The generated T-OR and G-OR rationales follow this folder structure:

data/
  └── <dataset>/
      ├── <dataset>.jsonl
      ├── T-OR/
      │   ├── output.jsonl
      │   └── images/
      └── G-OR/
          ├── output.jsonl
          └── images/

T-OR Rationales

T-OR renders the rationale into a compact typographic image while preserving the original order of the reasoning content.

DATASET=aqua_rat \
INPUT_JSONL=data/aqua_rat/aqua_rat.jsonl \
OUTPUT_DIR=data/aqua_rat/T-OR \
OUTPUT_JSONL=data/aqua_rat/T-OR/output.jsonl \
bash scripts/render_typographic.sh

Important

For T-OR rendering, the textual rationale in the solution field must be LaTeX text without syntax errors.

  • Reads rationales from the solution field.
  • Searches for a compact and readable typographic layout under the reasoning_token budget.

G-OR Rationales

G-OR generates a structured visual rationale by composing reasoning steps into graphical panels.

DATASET=aqua_rat \
INPUT_JSONL=data/aqua_rat/aqua_rat.jsonl \
OUTPUT_BASE=data/aqua_rat/G-OR \
OUTPUT_JSONL=data/aqua_rat/G-OR/output.jsonl \
PROFILE=nano-banana-pro \
bash scripts/render_graphical.sh
  • Uses the configured generation profile, such as PROFILE=nano-banana-pro.
  • Converts the problem, rationale, and optional visual inputs into a step-aligned graphical rationale.

3. Inference

Optical reasoning

For optical reasoning, T-OR takes the problem text together with the rendered typographic rationale image, while G-OR takes the problem text together with the generated graphical rationale image.

Run inference on T-OR:

PROFILE=gpt5.1 \
INPUT_JSONL=data/aqua_rat/T-OR/output.jsonl \
OUTPUT_DIR=outputs/aqua_rat/T-OR \
OUTPUT_JSONL=outputs/aqua_rat/T-OR/infer_gpt5.1.jsonl \
bash scripts/infer_typographic.sh

Run inference on G-OR:

PROFILE=gpt5.1 \
INPUT_JSONL=data/aqua_rat/G-OR/output.jsonl \
OUTPUT_DIR=outputs/aqua_rat/G-OR \
OUTPUT_JSONL=outputs/aqua_rat/G-OR/infer_gpt5.1.jsonl \
bash scripts/infer_graphical.sh

Usage Example

The example below shows the intended inference pattern after an optical rationale image has already been generated.
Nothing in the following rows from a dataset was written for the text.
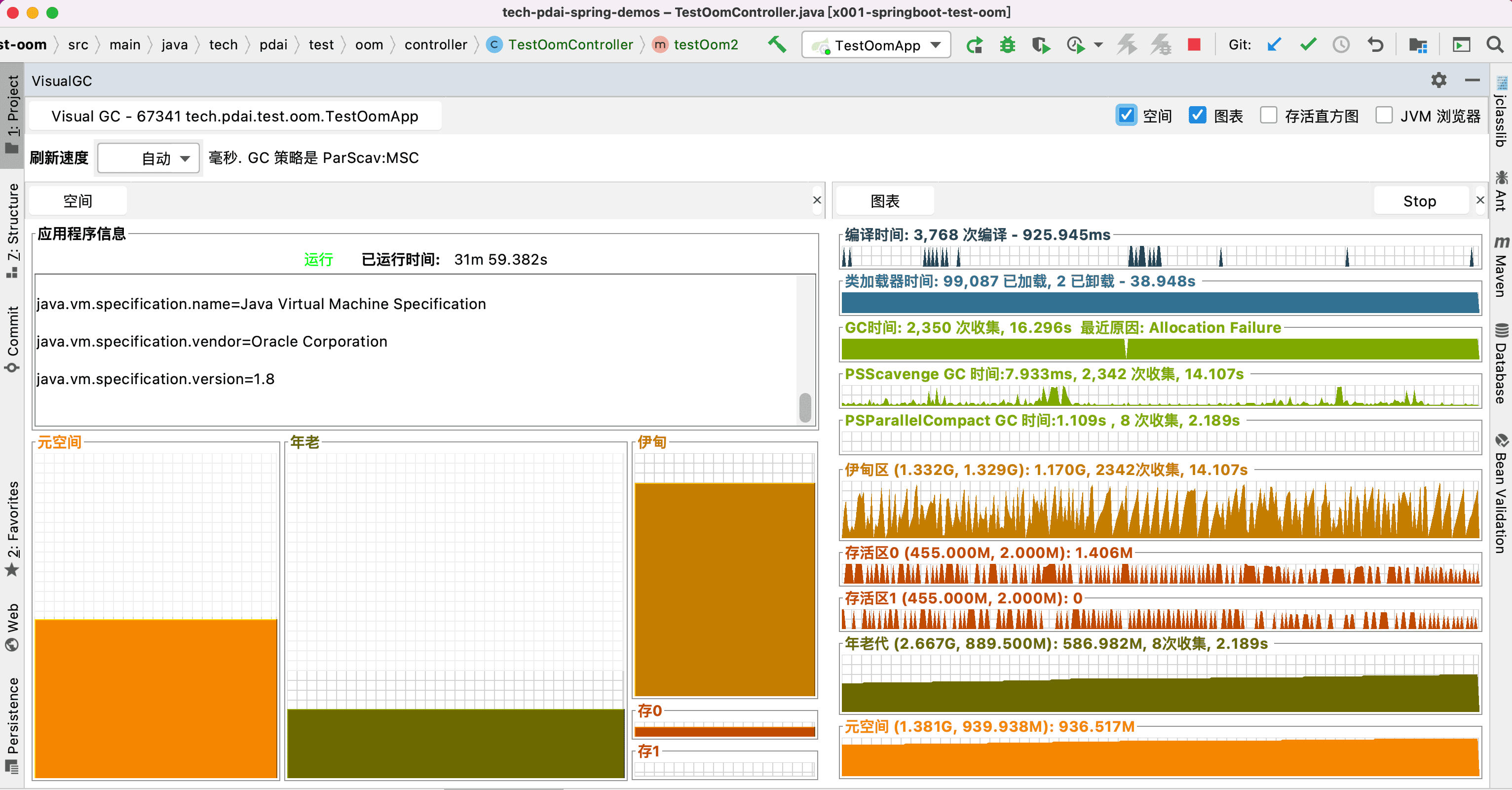比如我在IDEA中使用visual GC 插件来看GC状况。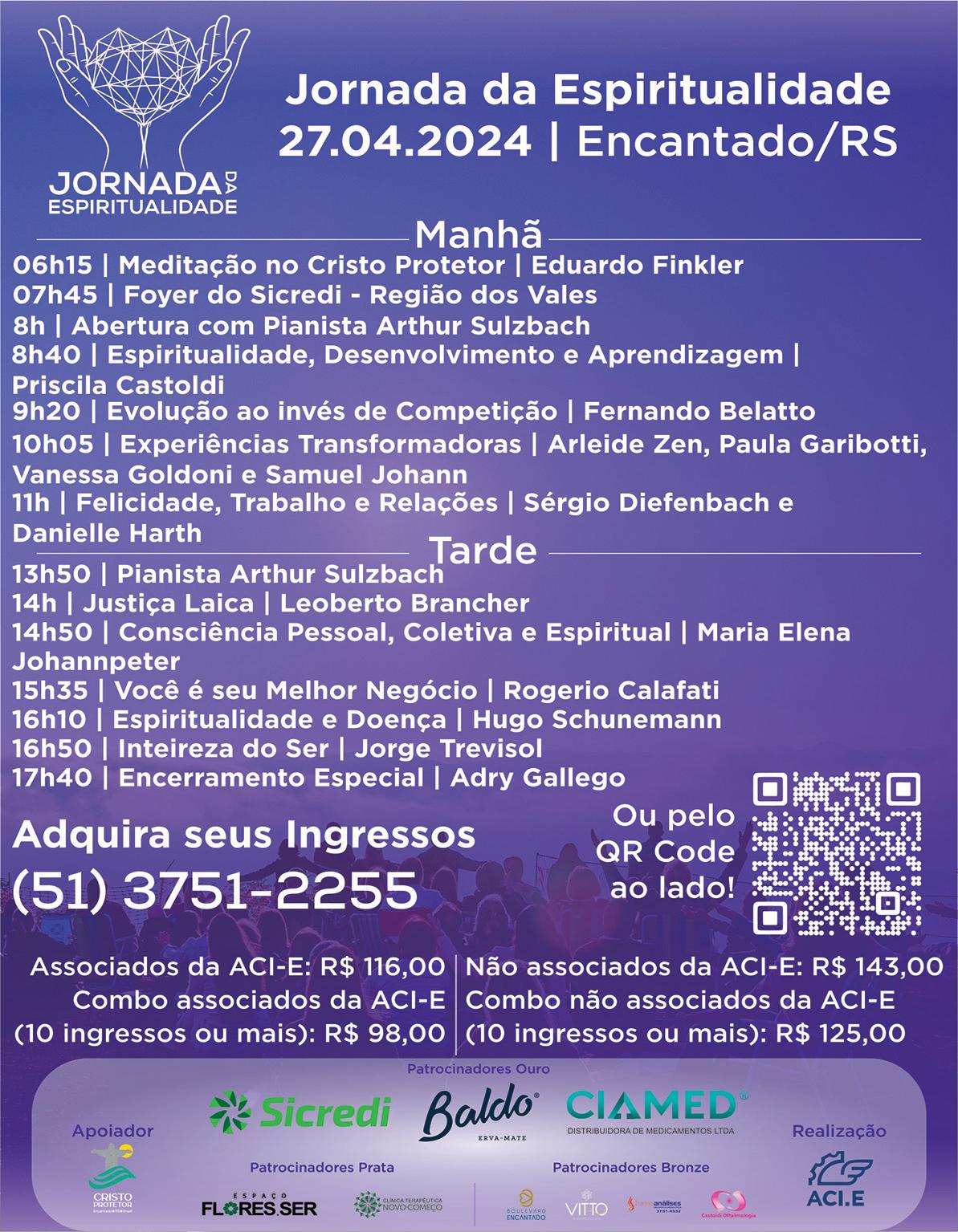 Neste sábado, 27, meditação ocorre a partir das 6h15 no Cristo Protetor, em Encantado. Seguida por um dia de palestras no Auditório da Sicredi Região dos Vales.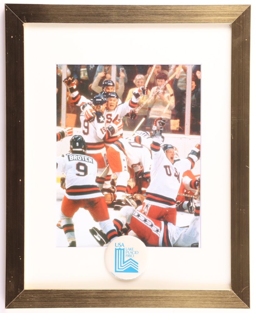 Custom frame measures 12.5" x 15.5" in size featuring an 8" x 10" photo. Please see photos for details regarding the item. Display also includes a 1980 Lake Placid lapel pin. Note that the item is unsigned.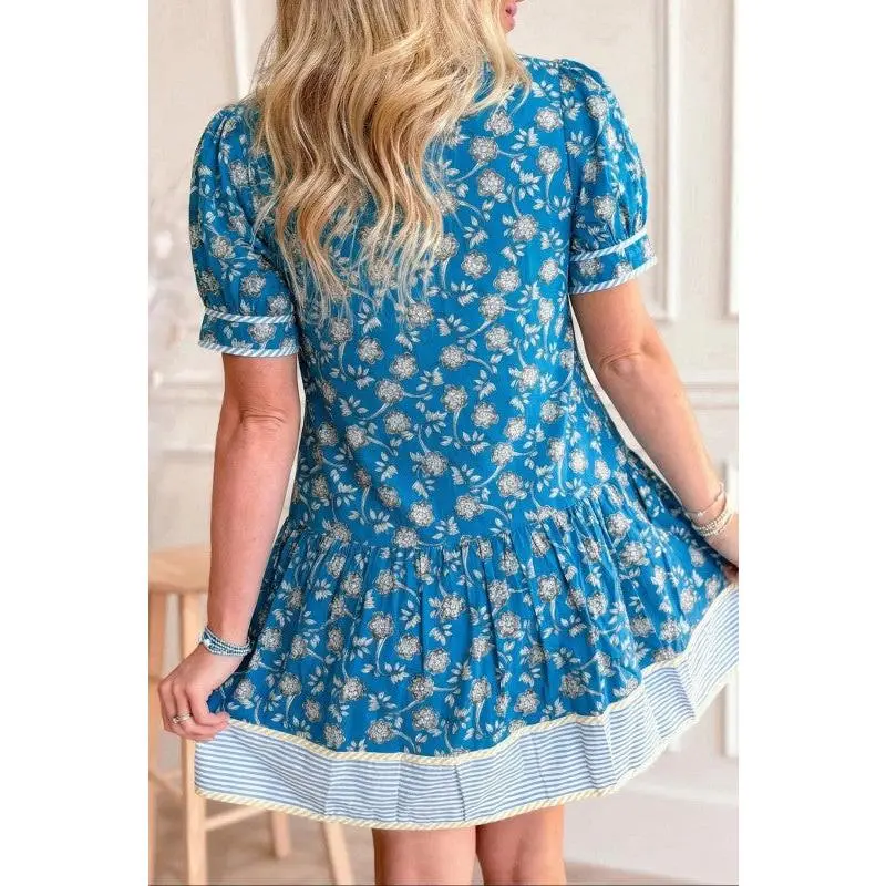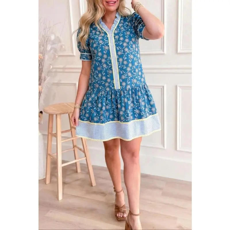 Bloom into summer style with this charming dress! Vibrant florals pop against crisp striped trim for a fresh, eye-catching look. The half button front keeps things casual and breezy, perfect for those days when you want easy, effortless dressing. Short sleeves keep you cool while the relaxed silhouette skims your frame beautifully, giving you room to move and groove. Whether you're heading to brunch or a garden party, this dress brings playful personality and comfort together in one delightful package. 100% Cotton

The MLLM receives the original problem text together with the T-OR or G-OR rationale image, then returns the final answer in \boxed{ANSWER} format.

import json
import subprocess
from pathlib import Path

# 1) Prepare one example with the original problem and a generated rationale image.
#    Replace this path with an existing T-OR or G-OR rationale image.
rationale_image = Path("data/aqua_rat/T-OR/images/sample-001.png").resolve()

example = {
    "id": "sample-001",
    "problem": "A rectangle has length 12 and width 5. What is its area?",
    "image_path": str(rationale_image),
}

input_jsonl = Path("outputs/tmp/usage_example_input.jsonl")
output_jsonl = Path("outputs/tmp/usage_example_output.jsonl")
input_jsonl.parent.mkdir(parents=True, exist_ok=True)
input_jsonl.write_text(json.dumps(example) + "\n", encoding="utf-8")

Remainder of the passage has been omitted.